Security and Exchange Commission of Pakistan (SECP) has reviewed the Companies Issue of Capital Rules, 1996 (CI Rules) and approved various amendments for efficient raising of funds against issue of shares.
According to SECP here on Thursday, the key amendments to the revised draft CI Rules include introduction of one “uniform criterion” for loan-based projects and equity-based projects and removal of restriction on the sponsors of companies to retain at least 25% of the capital at all times.
After the amendment, sponsors will be required to retain at least 25% of the capital for a period of just three financial years. Similarly, the requirement of project appraisal from a financial institution has been removed and verification of the installation and shipment of the last consignment of the plant and machinery is also no more required to be verified by the stock exchange.
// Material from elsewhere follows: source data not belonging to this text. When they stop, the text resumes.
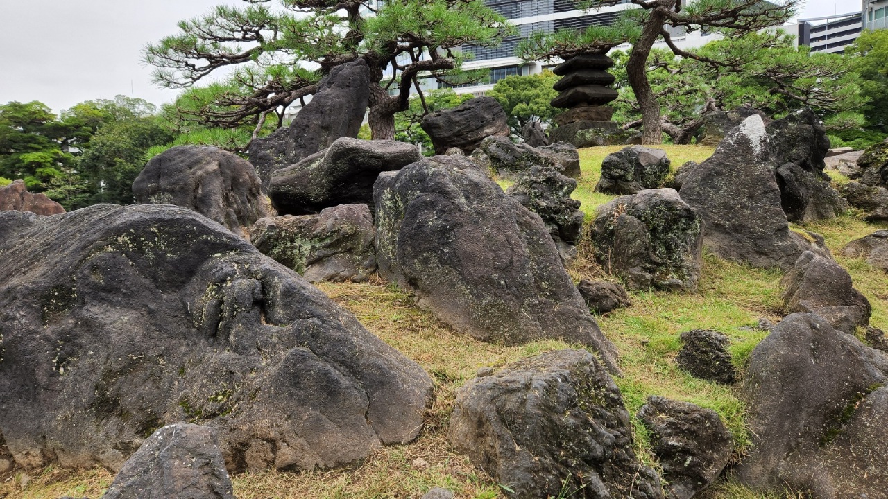 隣の浜離宮恩賜庭園にくらべてコンパクトな庭園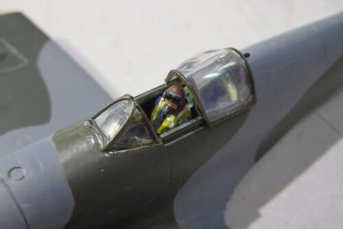 風防のダボを切り取った後、とにかくひたすら磨き続けます。 パイロットには例のレポート用紙の細切りで、シートベルト(みたいなもの)を追加しました。 ガンサイトのなんちゃってプロジェクターを塩ビの細切れで追加です(^^;。 なんやかんやで1時間近くこ…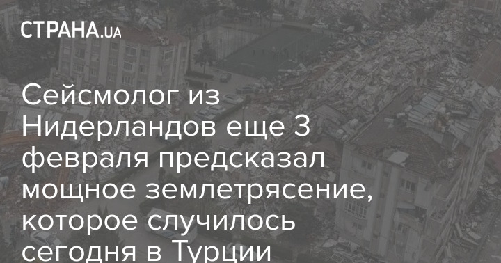 Сейсмолог із Нідерландів ще 3 лютого передбачив потужний землетрус, який стався сьогодні в Туреччині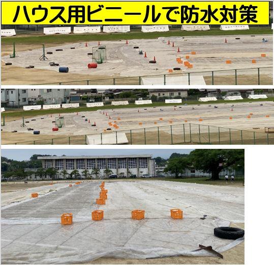 明日・土曜日は大雨の予報です。日曜日の本番を生徒達に楽しんでもらおうと、PTAや保護者の方々が動いてくださり、ビニルハウス用のビニルを集めてくださいました。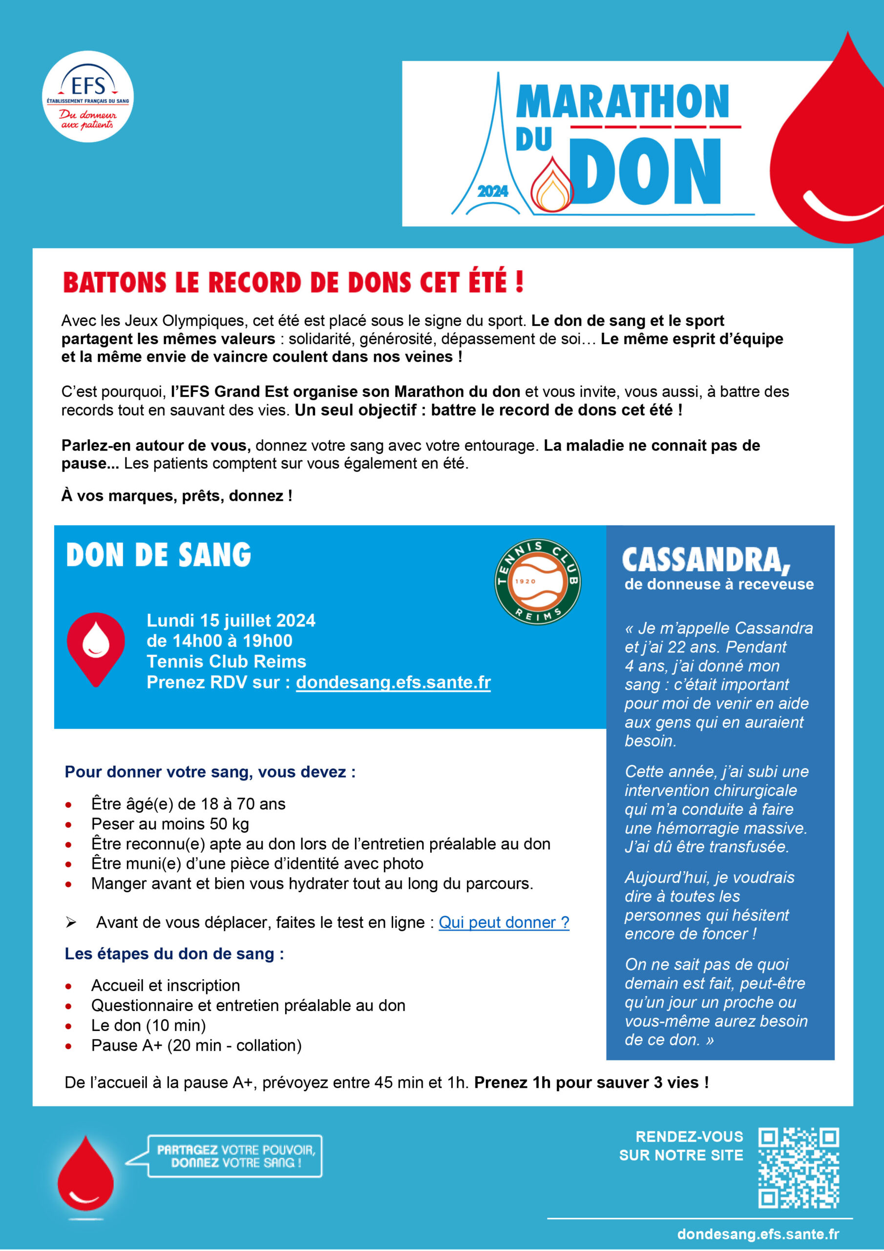 DON DU SANG AU TC REIMS : Lundi 15 Juillet 2024 Inscrivez-vous vite ou venez sur place !!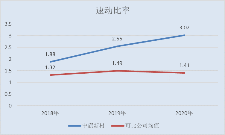 同期,中旗新材的速动比率分别为1.88倍、2.55倍、3.02倍,同期,可比公司惠达卫浴、海鸥住工、凯伦股份、东方雨虹、本益新材的流动比率均值分别为1.32倍、1.49倍、1.41倍。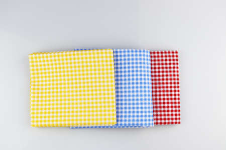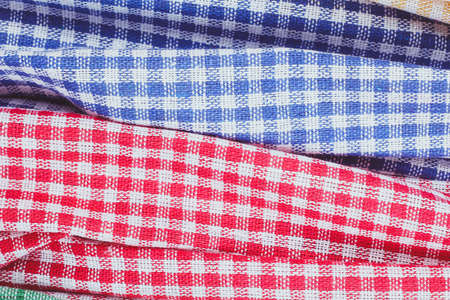 Multi colored checkered fabric, kitchen towels. Woven fiber fabric.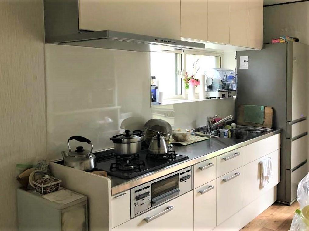 キッチンはLIXILの『リシェルSI』をご採用いただきました。「らくパッと収納」を選択し、斜めに傾く扉がポイントでテコの原理を応用して引出しを開ける力を軽くできるので、普段使いの道具がらくにパッと取り出せすことができます。キャビネットの扉やキッチンパネルをホワイトで統一し明るい印象です。今回、施主様のご要望によりキッチンの奥行を600mmにしました。キッチン全体の部屋の奥行が狭いこともあり、標準サイズより50mm小さくすることで全体のバランスを取るようにしています。窓から冷気が入り込むため冬場にキッチンに立つと足元がヒンヤリしていましたが、LIXILの内窓『インプラス』を取付けました。キッチンの空気の入替が必要な時だけ開けて、寒い日や暑い日は両方とも閉めておくことで、一年中外気温の影響をうけにくくなりました。また、キッチンは湿気が溜まりやすい環境のため結露してしまいますが、「インプラス」を取付けることで結露防止にもなります。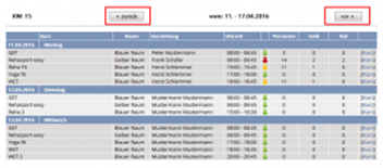 Die Wochenplaner Liste erscheint. Mit dem Button [zurück] und [vor] wechseln Sie die Kalenderwochen.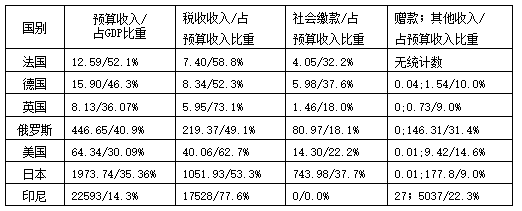 以下是若干有样本意义国家2019财政年度以本国货币计算的GDP、广义政府预算收入及其构成比例(图1,单位:千亿):[21]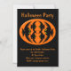 Cette formidable invitation à la fête magnétique présente un ovale orange avec six corneilles. Chaque corbeau a des yeux jaunes avec des élèves noirs et des ailes étirées. Les corbeaux volent vers l'autre formant une forme ovale. L'arrière - plan est noir.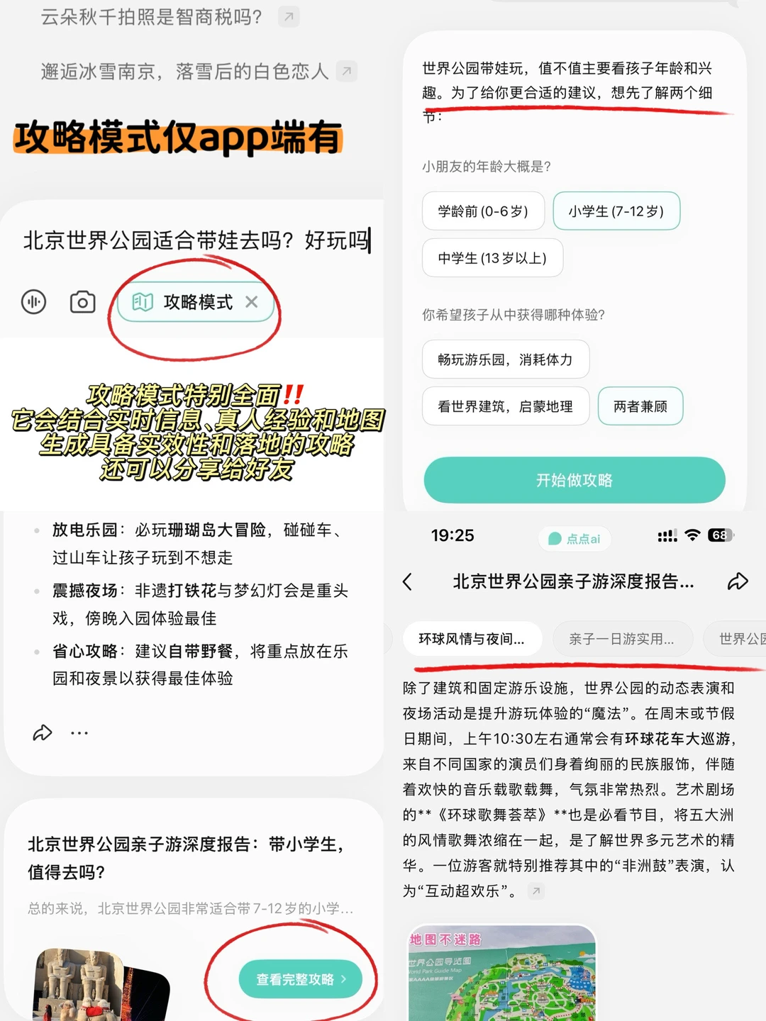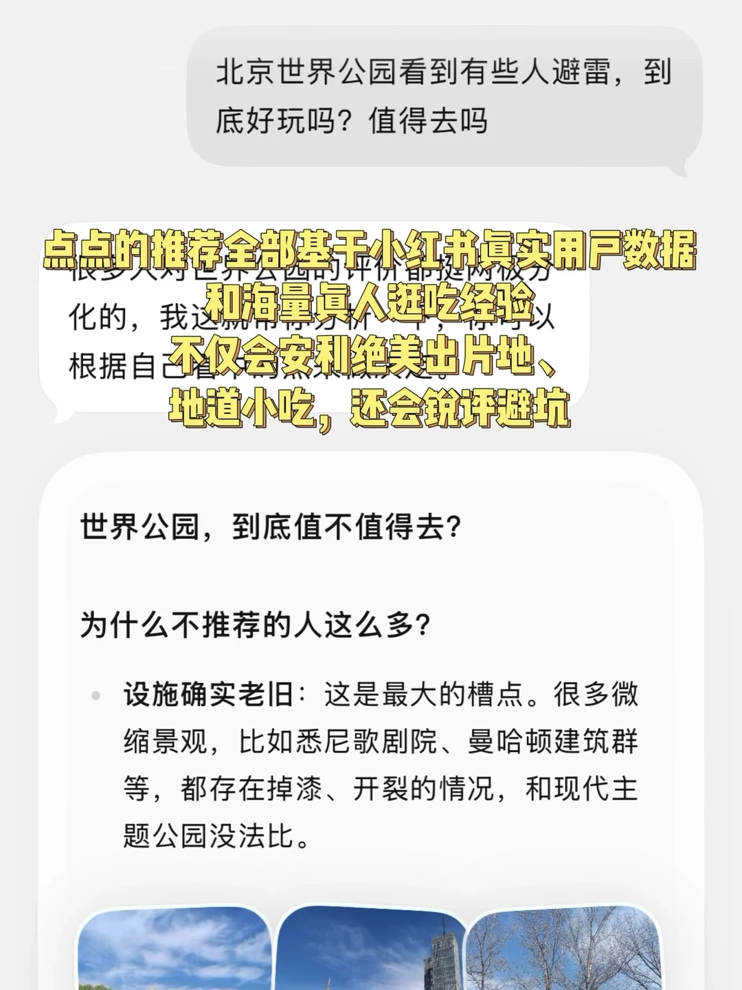 ✅ 超贴心:所有推荐全基于海量真实旅行数据,不仅会安利绝美出片地、地道小吃,还会锐评避坑,优点、避雷都会告诉你,连“带娃怎么玩”“下雨天备选方案”都能考虑到,像有个本地朋友在帮你规划

The issuing company shall obtain a report verifying the implementation status of the project from a valuer. In addition, exemption from certain requirements for charging premium in case the issue/offer of shares is made through book building process.
The draft amended CI Rules require underwriting of all new issues of capital and approval of the SECP for issue of shares against intangible assets. The main objective of the amendments to the CI Rules is to streamline the process of capital issue. The proposed amendments will also streamline the book building process of companies for issue of shares.
Published in The Express Tribune, July 22nd, 2011.